§ **Problem statement**
Starting at the line below with "배 모양의 피규어 레트로" and stopping at the line with "附:2022年4月中國房地產企業TOP50銷售排行榜", please print each line exactly, those two included, and skip every picture.

[Stored items from a collection]
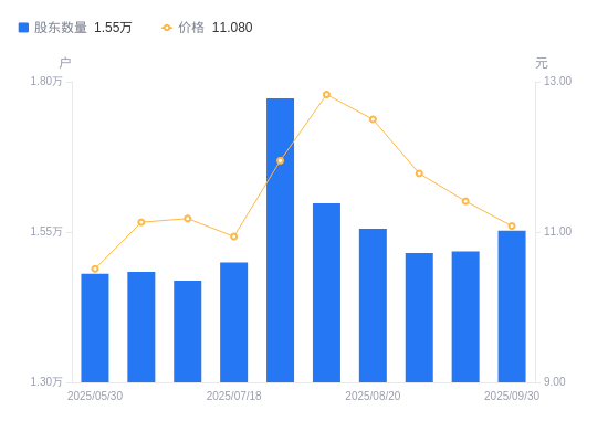 近一年(2024年9月30日至2025年9月30日),宇新股份A股股东户数从1.24万户,增加至1.55万户,增幅24.98%,区间股价下跌1.34%。
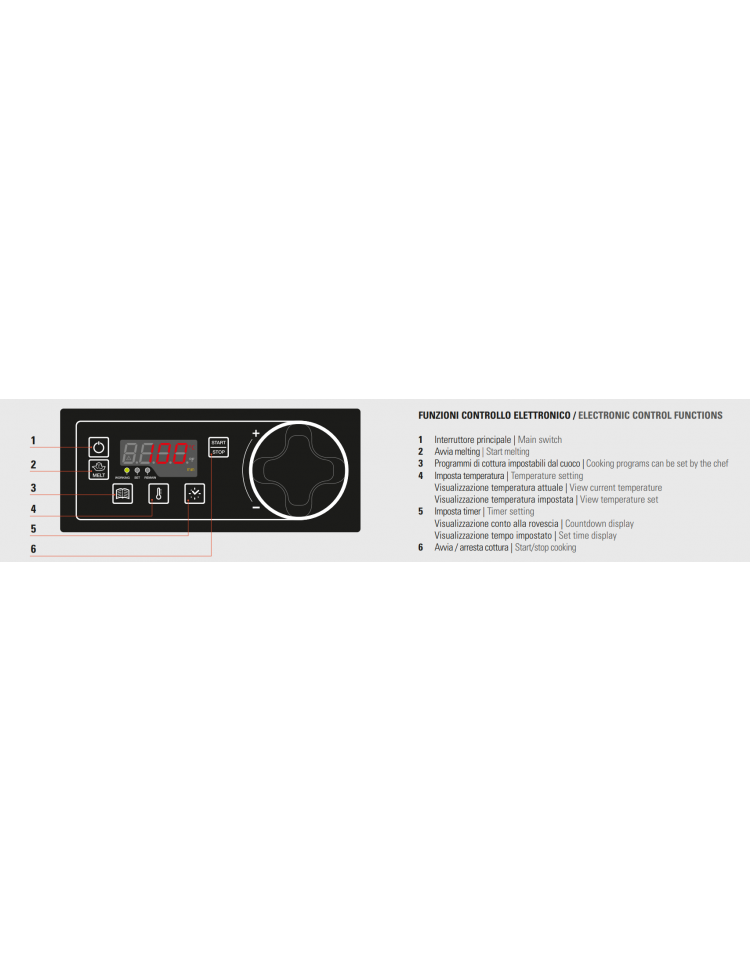 Termostato di lavoro con regolazione da 100°C fino alla temperatura massima di 190 °C al di sotto del punto di fumo dell'olio.
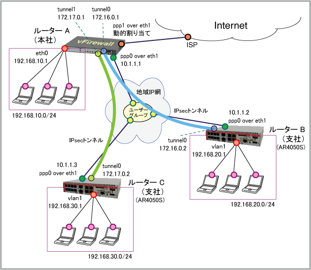 | WAN側(ppp0)IPアドレス | 10.1.1.1/32 | 10.1.1.2/32 | 10.1.1.3/32 |
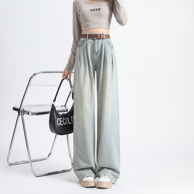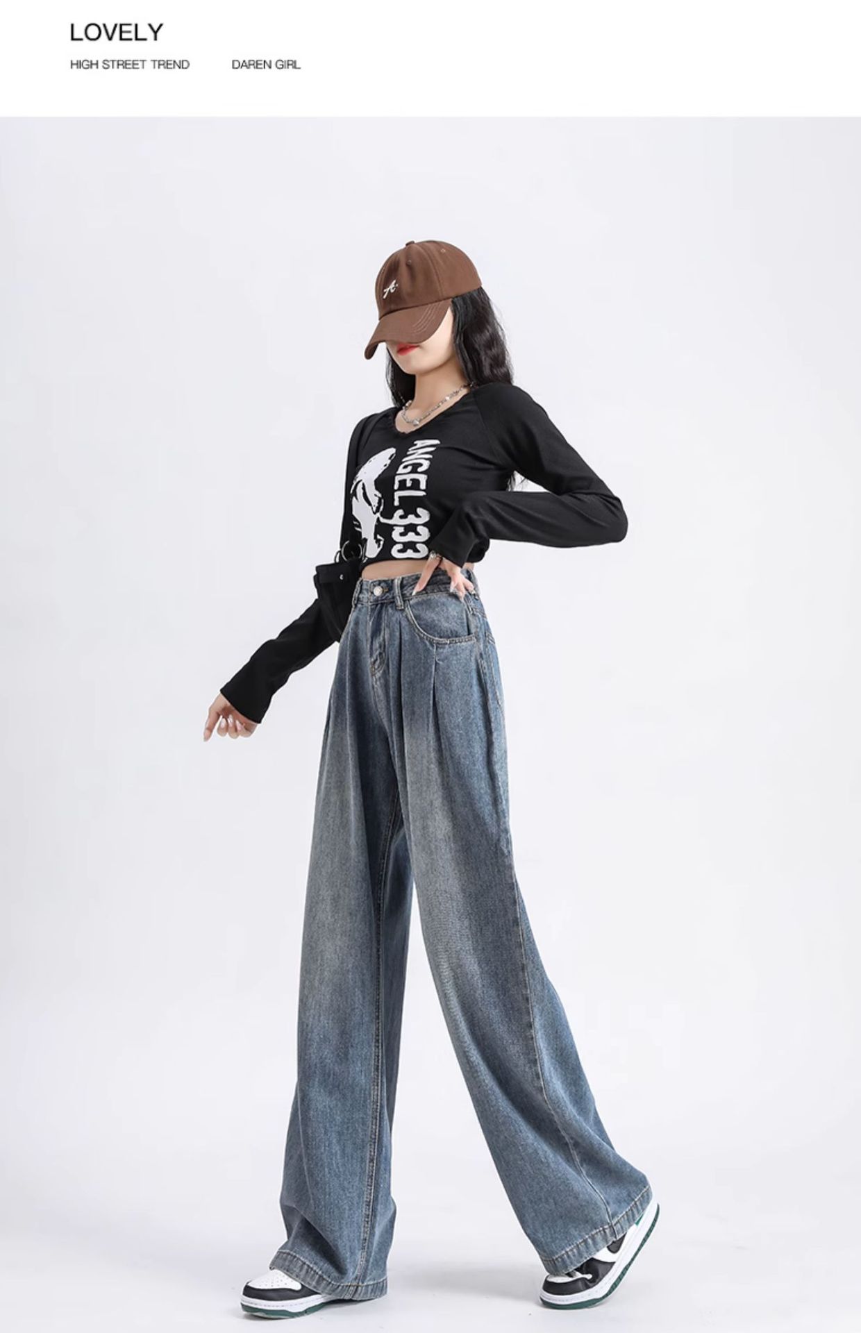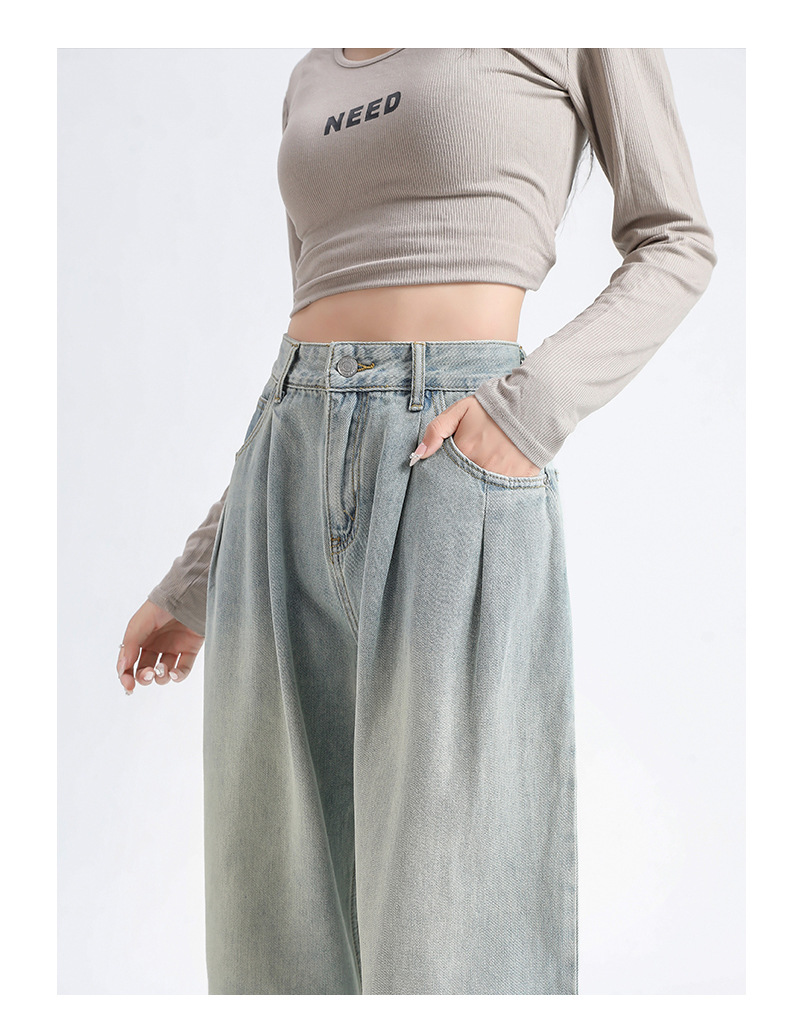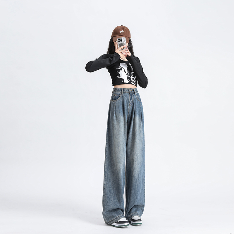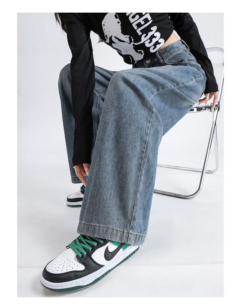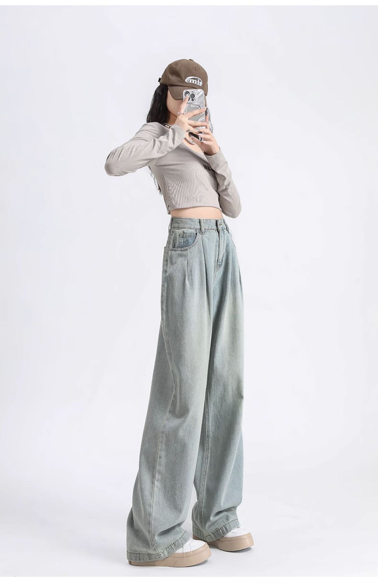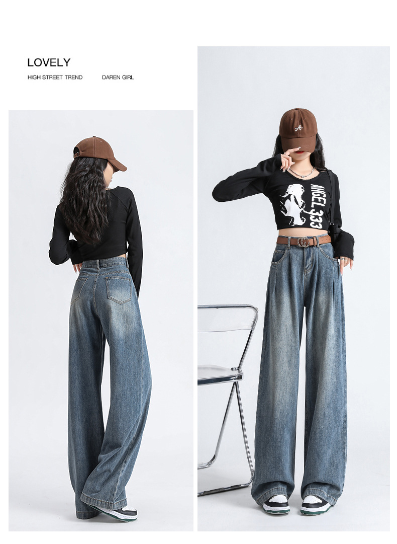 배 모양의 피규어 레트로 와이드 레그 청바지 여성용 하이 웨이스트 힙을 덮는 벨리 커버 슬리밍 Sag Loose All-Matching Pants 여성스토어 가기
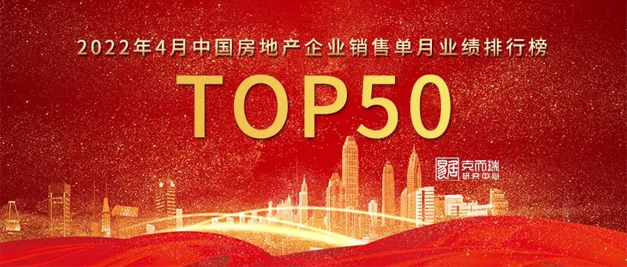 附:2022年4月中國房地產企業TOP50銷售排行榜
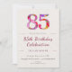 Celebrate an unforgettable milestone with this elegant 85th birthday invitation featuring a vibrant floral number “85” on a soft, modern paper style background. Front and back are included, and all text is fully customizable - perfect for a ladies birthday party, family gathering, or chic milestone celebration. Enjoy!

§ **Answer for this exercise**
 배 모양의 피규어 레트로 와이드 레그 청바지 여성용 하이 웨이스트 힙을 덮는 벨리 커버 슬리밍 Sag Loose All-Matching Pants 여성스토어 가기
 附:2022年4月中國房地產企業TOP50銷售排行榜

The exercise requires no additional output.